After the user uploads, the :event/db-changed trace event looks like this:

;; AFTER — :large? on the photo blob slot
{:operation :event/db-changed
 :tags      {:app-db-after
             {:profile/photo-upload
              {:filename      "passport.jpg"
               :mime-type     "image/jpeg"
               :encoded-blob  {:rf.size/large-elided
                               {:path   [:profile/photo-upload :encoded-blob]
                                :bytes  4982317
                                :type   :string
                                :reason :schema
                                :hint   "Base64 photo preview blob"
                                :handle [:rf.elision/at [:profile/photo-upload :encoded-blob]]}}}}}
 ...}

The 5 MB string is gone. A 200-byte marker took its place — and the marker still tells you where the slot lived, how big it was, what kind it was, and why it was elided. The :handle is the opt-in fetch path: if the re-frame2-pair-mcp agent decides it really does need the blob to answer the user's question, it calls get-path with the handle and the framework fetches the live value (subject to a cap-check so a hostile fetch can't shovel 5 GB through the agent).

The handler that wrote the blob never knew the marker existed. The handler body sees the real 5 MB string and operates on it; the trace surface, the on-box dev panels, and the off-box shippers all see the marker. Chapter 25 — Large blobs has the full marker schema and the consumer-side fetch flow.

What happens when both flags compete

You'll eventually hit a slot that's both sensitive and large — a base64-encoded scan of a customer's passport, say. Both flags apply. The composition rule is sensitive wins, deterministically:

(rf/reg-app-schema
  [:kyc/id-document]
  [:map
   [:document-blob {:sensitive? true
                    :large?     true
                    :hint       "Scanned ID document"} :string]])

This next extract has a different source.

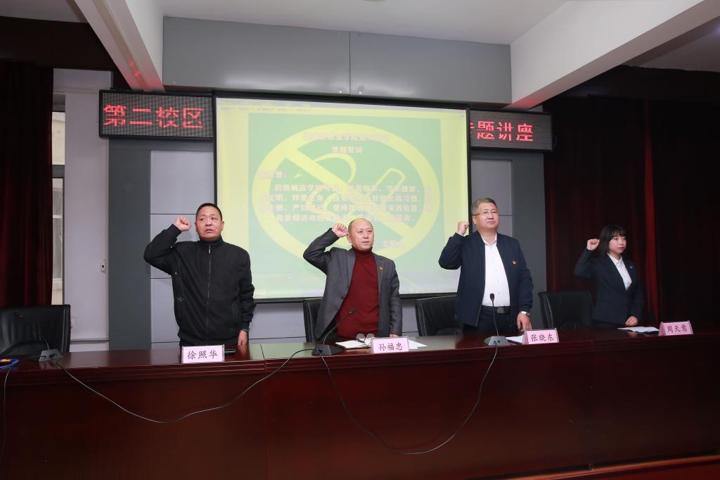 参会人员还宣读了禁烟誓词、签订了禁烟承诺书,充分体现了广大师生积极响应学校号召,坚决抵制烟草的决心。这次专题讲座的成功举办,是贯彻落实学校《关于在全校师生中全面开展禁烟活动的通知》的一项重要举措,对于第二校区推进禁烟工作,消除安全隐患,具有重大的现实意义。

The slot's value is dropped entirely, not replaced with the size marker. The reason is subtle but important: the size marker carries :path and :bytes, which are structural facts about the slot. Leaking "there was a 5 MB blob at [:kyc :id-document :document-blob]" tells an attacker more than nothing — they know the customer's KYC review has a document attached, and they know its rough size. For sensitive slots that's still too much. The trace event drops the value, and the top-level :sensitive? true rollup lets the off-box shippers drop the whole event the way they would for any other sensitive emit.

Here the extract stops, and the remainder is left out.